Now, 50 years after the establishment of the Factory, Name’s black-and-white photos are getting their first major exhibition at Milk Gallery and have been compiled into a 482-page collection. Billy Name: The Silver Age, Photographs from Andy Warhol’s Factory features over 400 of Name’s "Factory Fotos," a term he coined, from 1964 to 1968. “The only things that ever came even close to conveying the look and feel of the Factory then, aside from the movies we shot there, were the still photographs Billy took," Warhol wrote in his 1980 memoir POPism.
“Billy’s always been a bit off the radar,” Dagon James, editor and designer of the book, told The Huffington Post. “Everyone’s seen his photographs, but they haven’t really quite understood his role in the mythology of Warhol.” Not only do Name’s gritty, over-exposed shots give an insider’s perspective on Warhol, but they document an iconic era in American art history. Name’s photos give a behind-the-scenes look at various Warhol films including “Vinyl,” “Nude Restaurant,” “My Hustler” and “Chelsea Girls,” while also capturing the creation of the Brillo Box sculpture and flower silkscreens.
But this new collection isn’t just another tribute to Warhol -- he’s only one element of the story Name’s photographs tell. “We didn’t want to make just another Andy Warhol book,” James said. “People don’t want to read the same stories that have been told book after book.” There’s a plethora of published works that recount the Factory era and Warhol’s artistic endeavors at the time, from Steven Watson’s Factory Made and Mary Woronov’s Swimming Underground to Warhol’s POPism. But Name, along with James, wanted to piece together a more comprehensive history of those who frequented the silverized space, including Brigid Berlin, Gerard Malanga, Mario Montez, Viva, Nico and Susan Bottomly, among others.
“We wanted to paint a broad picture of what life was like in the Factory,” James said of his collaboration with Name, whom James also manages. “This [book] is about his place in history.
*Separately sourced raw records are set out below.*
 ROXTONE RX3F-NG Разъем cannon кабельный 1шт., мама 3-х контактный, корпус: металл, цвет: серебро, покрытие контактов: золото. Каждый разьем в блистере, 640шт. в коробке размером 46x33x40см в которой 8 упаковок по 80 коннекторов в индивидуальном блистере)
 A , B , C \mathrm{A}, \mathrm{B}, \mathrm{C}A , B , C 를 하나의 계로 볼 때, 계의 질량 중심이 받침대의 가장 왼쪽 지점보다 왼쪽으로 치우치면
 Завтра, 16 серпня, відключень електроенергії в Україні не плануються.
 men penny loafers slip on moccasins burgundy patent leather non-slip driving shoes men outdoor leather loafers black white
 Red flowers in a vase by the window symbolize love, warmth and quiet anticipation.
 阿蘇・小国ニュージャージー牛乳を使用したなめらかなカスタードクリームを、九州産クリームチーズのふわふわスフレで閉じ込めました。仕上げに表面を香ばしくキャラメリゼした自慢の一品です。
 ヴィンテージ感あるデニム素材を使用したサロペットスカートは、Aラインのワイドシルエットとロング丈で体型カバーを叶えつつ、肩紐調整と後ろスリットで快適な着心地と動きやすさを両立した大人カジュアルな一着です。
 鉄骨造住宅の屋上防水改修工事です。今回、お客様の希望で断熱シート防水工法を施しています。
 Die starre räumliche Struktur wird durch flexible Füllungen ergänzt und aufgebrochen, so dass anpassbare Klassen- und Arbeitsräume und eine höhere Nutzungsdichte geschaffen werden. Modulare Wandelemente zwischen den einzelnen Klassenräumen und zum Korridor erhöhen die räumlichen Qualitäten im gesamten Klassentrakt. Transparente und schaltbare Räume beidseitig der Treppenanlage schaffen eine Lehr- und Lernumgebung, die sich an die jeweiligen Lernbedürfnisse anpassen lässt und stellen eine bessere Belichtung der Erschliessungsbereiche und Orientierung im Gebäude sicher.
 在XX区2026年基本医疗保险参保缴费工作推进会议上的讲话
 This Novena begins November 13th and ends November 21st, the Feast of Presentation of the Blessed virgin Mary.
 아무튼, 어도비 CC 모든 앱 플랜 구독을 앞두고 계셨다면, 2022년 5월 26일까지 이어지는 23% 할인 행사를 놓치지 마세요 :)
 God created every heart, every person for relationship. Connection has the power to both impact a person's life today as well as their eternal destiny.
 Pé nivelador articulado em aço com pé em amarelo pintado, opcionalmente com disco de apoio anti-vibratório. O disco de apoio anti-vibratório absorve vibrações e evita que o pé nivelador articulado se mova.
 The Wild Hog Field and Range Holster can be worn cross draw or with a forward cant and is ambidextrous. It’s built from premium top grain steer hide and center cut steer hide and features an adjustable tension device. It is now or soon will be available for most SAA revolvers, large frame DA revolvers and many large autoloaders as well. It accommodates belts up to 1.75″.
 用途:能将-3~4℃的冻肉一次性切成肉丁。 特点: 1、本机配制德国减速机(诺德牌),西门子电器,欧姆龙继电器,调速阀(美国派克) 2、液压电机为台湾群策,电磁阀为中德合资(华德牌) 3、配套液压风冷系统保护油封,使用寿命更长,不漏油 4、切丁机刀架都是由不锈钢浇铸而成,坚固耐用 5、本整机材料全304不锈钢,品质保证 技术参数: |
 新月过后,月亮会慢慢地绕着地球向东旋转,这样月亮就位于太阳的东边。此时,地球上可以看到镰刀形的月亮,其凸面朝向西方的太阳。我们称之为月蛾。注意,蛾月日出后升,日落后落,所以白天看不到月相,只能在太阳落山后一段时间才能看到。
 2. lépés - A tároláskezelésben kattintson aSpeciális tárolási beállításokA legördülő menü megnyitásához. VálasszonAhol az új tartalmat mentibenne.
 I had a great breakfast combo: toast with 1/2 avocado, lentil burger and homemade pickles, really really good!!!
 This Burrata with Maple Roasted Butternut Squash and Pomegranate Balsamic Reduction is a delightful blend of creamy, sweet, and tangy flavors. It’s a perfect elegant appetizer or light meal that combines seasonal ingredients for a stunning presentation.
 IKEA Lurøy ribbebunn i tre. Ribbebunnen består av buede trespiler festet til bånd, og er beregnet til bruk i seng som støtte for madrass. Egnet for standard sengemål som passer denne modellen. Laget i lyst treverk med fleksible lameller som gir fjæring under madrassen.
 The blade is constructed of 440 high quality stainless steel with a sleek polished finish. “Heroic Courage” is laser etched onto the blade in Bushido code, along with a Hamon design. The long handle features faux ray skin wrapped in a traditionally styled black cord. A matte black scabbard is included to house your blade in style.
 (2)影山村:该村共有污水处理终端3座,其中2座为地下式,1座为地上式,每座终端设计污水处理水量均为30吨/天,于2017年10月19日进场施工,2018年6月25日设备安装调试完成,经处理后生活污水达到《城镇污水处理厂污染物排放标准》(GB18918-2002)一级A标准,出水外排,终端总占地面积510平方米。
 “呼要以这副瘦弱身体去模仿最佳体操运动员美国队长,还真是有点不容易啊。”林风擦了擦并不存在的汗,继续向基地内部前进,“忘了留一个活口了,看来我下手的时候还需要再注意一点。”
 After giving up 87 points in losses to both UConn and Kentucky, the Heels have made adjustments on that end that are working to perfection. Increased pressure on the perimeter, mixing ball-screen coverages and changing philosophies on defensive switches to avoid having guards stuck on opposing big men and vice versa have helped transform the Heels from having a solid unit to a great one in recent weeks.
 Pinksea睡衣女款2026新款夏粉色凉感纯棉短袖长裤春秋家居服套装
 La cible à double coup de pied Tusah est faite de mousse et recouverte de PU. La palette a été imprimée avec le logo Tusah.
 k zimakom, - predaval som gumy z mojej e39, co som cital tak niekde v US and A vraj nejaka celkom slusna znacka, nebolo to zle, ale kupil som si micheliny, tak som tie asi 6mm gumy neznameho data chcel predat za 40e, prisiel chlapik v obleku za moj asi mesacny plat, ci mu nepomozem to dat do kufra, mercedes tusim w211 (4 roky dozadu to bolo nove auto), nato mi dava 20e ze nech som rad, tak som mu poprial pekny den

This is about Billy.”
Name was mainly behind the camera -- he is, however, featured in Warhol’s “Haircut” films, which were of Name’s haircutting parties, and a screen test -- but his presence is unmistakably resonant in his work and in the memories of his friends. The Velvet Underground co-founder John Cale wrote in the foreword to Name’s book of the photographer’s powerful and calming effect on his fellow bandmates. “We could see Billy’s influence on each of us,” Cale wrote of one of the last times the band got together, with Name in tow. The musician described Name as the "pilot fish" to Lou Reed's whale, conveying the silent songwriter's innermost thoughts. "Billy would join us and we all relaxed because the usual tongue-tied fright of Lou’s persona would melt away as Billy gave voice to what it seemed Lou was thinking."
This tranquil aura and in-the-now presence is something Name still seems to exhibit today. When asked how Name considers his work as an artist and documentarian of the Factory, James said that Name doesn’t view himself as a photographer. “He considers himself a Buddhist,” James said. “He describes himself as the Factory foreman,” James added recalling a man who would pop out of his closet to snap photos, then disappear again for days. That’s the magic of Name’s photos, which capture Warhol and his superstars in some of their most raw, unfiltered states. Name has written that while his many stunning shots of Nico look posed, the singer was merely being her natural self.
“He sees a moment, picks up his camera and grabs it,” Malanga has written of Name’s always-present state of mind. “There’s no hesitation in Billy’s photographs because there is no hesitation in history. That’s a very powerful feeling.”